Pewarta: Desca Lidya Natalia
Jakarta (ANTARA News) - Pimpinan Komisi Pemberantasan Korupsi sudah
berkomunikasi dengan Kapolri Jenderal Pol Badrodin Haiti terkait
pembatalan penahanan Ketua KPK non-aktif Abraham Samad oleh penyidik
Polda Sulawesi Selatan dan Barat.
"Pimpinan KPK sudah berkomunikasi dengan Kapolri agar dapat
menfasilitasi Kapolda Sulselbar, sekiranya tidak dilakukan penahanan
terhadap Pak AS (Abraham Samad) dengan mempertimbangkan beberapa hal,"
kata Pelaksana Tugas (Plt) Pimpinan KPK Indriyanto Seno Adji melalui
pesan singkat yang diterima di Jakarta, Rabu.
Pada Selasa (28/4), penyidik Polda Sulselbar mengeluarkan surat
perintah penahanan terhadap Abraham Samad setelah sekitar tujuh jam
menjalani pemeriksaan sebagai tersangka dalam kasus dugaan pemalsuan
dokumen administrasi kependudukan Feriyani Lim pada tahun 2007.
Penahanan itu menurut Direktur Reserse Kriminal Umum Polda
Sulselbar, Kombes Pol Joko Hartanto dilakukan berdasarkan pertimbangan
subjektif dan objektif. Pertimbangan subjektifnya, Abraham dikhawatirkan
melarikan diri, mengulangi kembali tindak pidananya dan merusak barang
bukti.
Sedangkan pertimbangan objektifnya adalah ancaman pidana penjara terhadap Abraham di atas lima tahun.

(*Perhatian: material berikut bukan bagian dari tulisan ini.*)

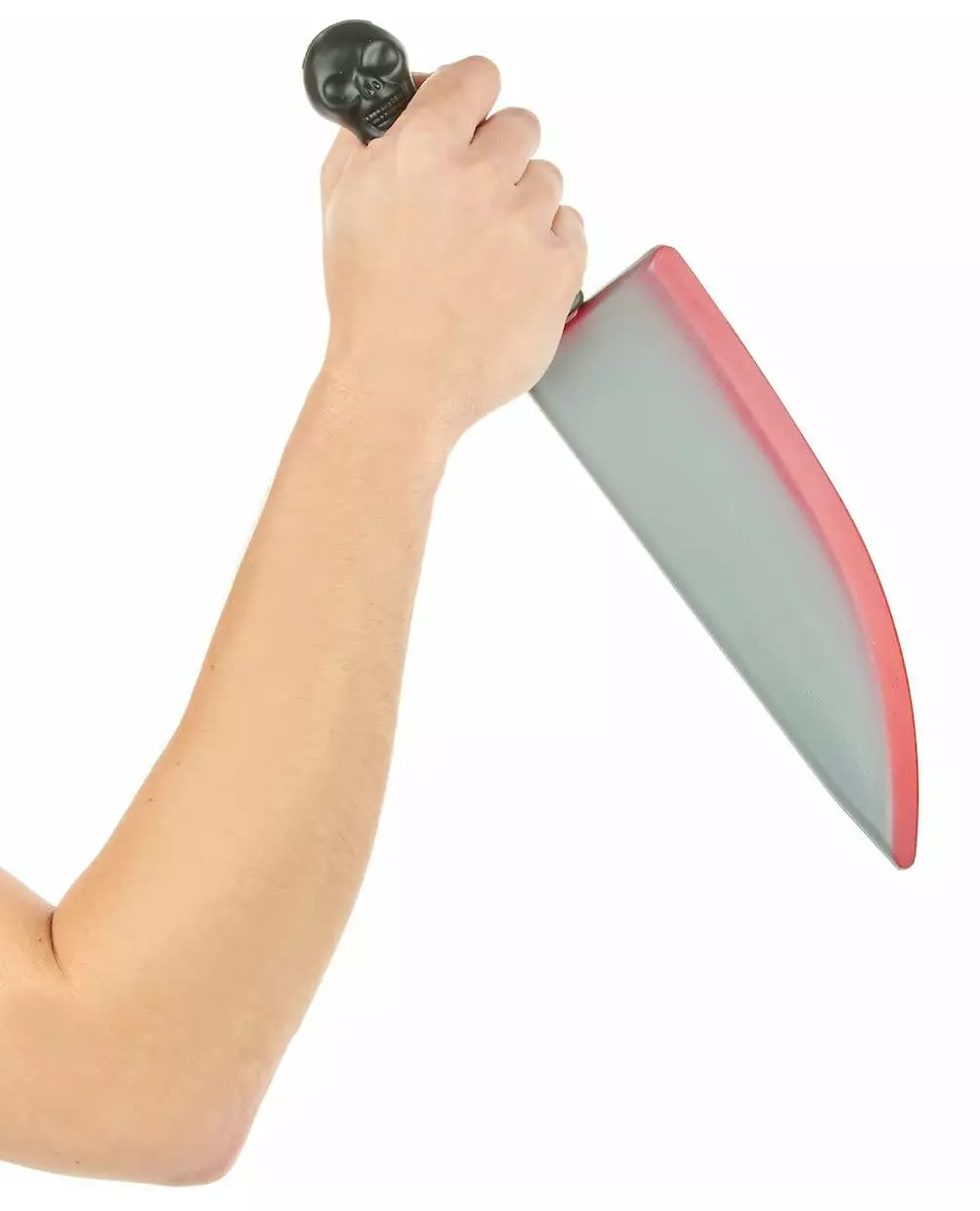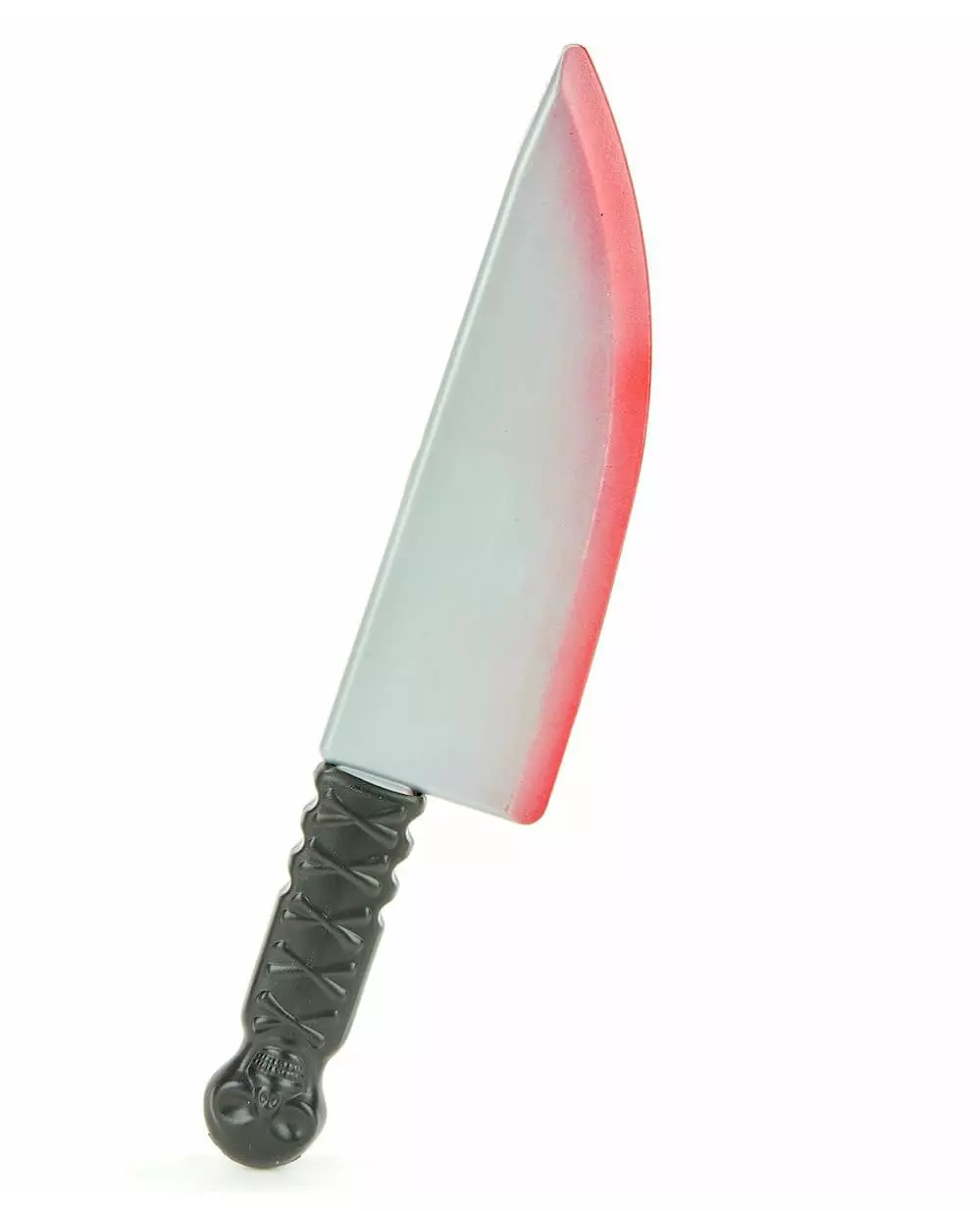 Arm yourself with a bloody knife to scare your friends on Halloween night. This bloody plastic knife measures approximately 38 cm long. The handle is black and silver, for a metallic effect. It is decorated with a skull and bones in relief. The gray blade is stained with fake blood. This accessory will perfectly complete a monster or killer costume for Halloween. Accessories included: Knife Material: Plastic Care: Hand wash
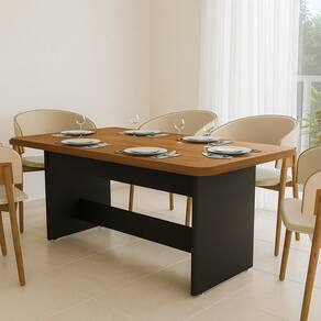 Mesa De Jantar Grande 160cm 6 Lugares Para Cozinha E Salas de Estar - Preto | Marrom

Namun Abraham dan tim pengacaranya menolak menandatangani berita acara penahanan tersebut.
Pengacara Abraham, Kadir Wakonubun mengatakan penahanan kliennya
tidak bisa dilakukan begitu saja mengingat ada prosedur hukum yang
berlaku padahal sebelumnya pihak kepolisian berjanji tidak akan
melakukan penahanan.
Sedangkan menurut Indriyanto, Abraham tidak jadi ditahan demi membangun komunikasi Polri dan KPK.
"Pertimbangannya antara lain untuk membangun komunikasi kelembagaan
aparat penegak hukum antara KPK dengan Polri. Perkembangan akhir, Pak AS
tidak dilakukan penahanan," ungkap Indriyanto.
Menurut salah satu pengacara Abraham, Kapolri Jenderal Pol Badrodin
Haiti sendiri juga langsung menelepon Abraham, selain pimpinan KPK yang
juga menelepon Abraham.
Sementara itu, Plt Wakil Ketua KPK Johan Budi mengatakan bahwa
Abraham Samad bersikap kooperatif sehingga tidak perlu ditahan.
"Kami memahami bahwa penyidik punya kewenangan melakukan penahanan
terhadap seorang tersangka, namun sampai saat ini yang bersangkutan
kooperatif dalam menjalani proses hukum. Kami akan mengirimkan surat
permintaan penangguhan penahanan dengan jaminan lima Pimpinan KPK," kata
Johan melalui pesan singkat.
Polda Sulselbar pada 9 Februari 2015 menetapkan Abraham Samad
sebagai tersangka dalam perkara tindak pidana Pemalsuan Surat atau
tindak pidana Administrasi Kependudukan.
Penetapan tersangka itu berdasarkan laporan Feriyani Lim, warga
Pontianak, Kalimantan Barat yang juga menjadi tersangka pemalsuan
dokumen paspor. Saat mengajukan permohonan pembuatan paspor pada 2007,
Feriyani Lim memalsukan dokumen dan masuk dalam kartu keluarga Abraham
Samad yang beralamat di Boulevar, Kelurahan Masale, Kecamatan
Panakkukang, Makassar.
Sangkaan yang ditujukan kepada Abraham adalah masalah kecil yang
hanya terkait pemalsuan surat tindak pidana administrasi kependudukan
berdasarkan pasal 264 ayat (1) subs pasal 266 ayat (1) KUHPidana atau
pasal 93 Undang-undang RI No 23 tahun 2006 yang telah diperbaharusi
dengan UU No 24 tahun 2013 tentang kependudukan.
Pasal tersebut menjelaskan mengenai "Barang siapa membuat surat
palsu atau memalsukan surat yang dapat menimbulkan sesuatu hak,
perikatan atau pembebasan hutang, atau yang diperuntukkan sebagai bukti
daripada sesuatu hal dengan maksud untuk memakai atau menyuruh orang
lain memakai surat tersebut seolah-olah isinya benar dan tidak dipalsu,
diancam jika pemakaian tersebut dapat menimbulkan kerugian, karena
pemalsuan surat, dengan pidana penjara paling lama enam tahun".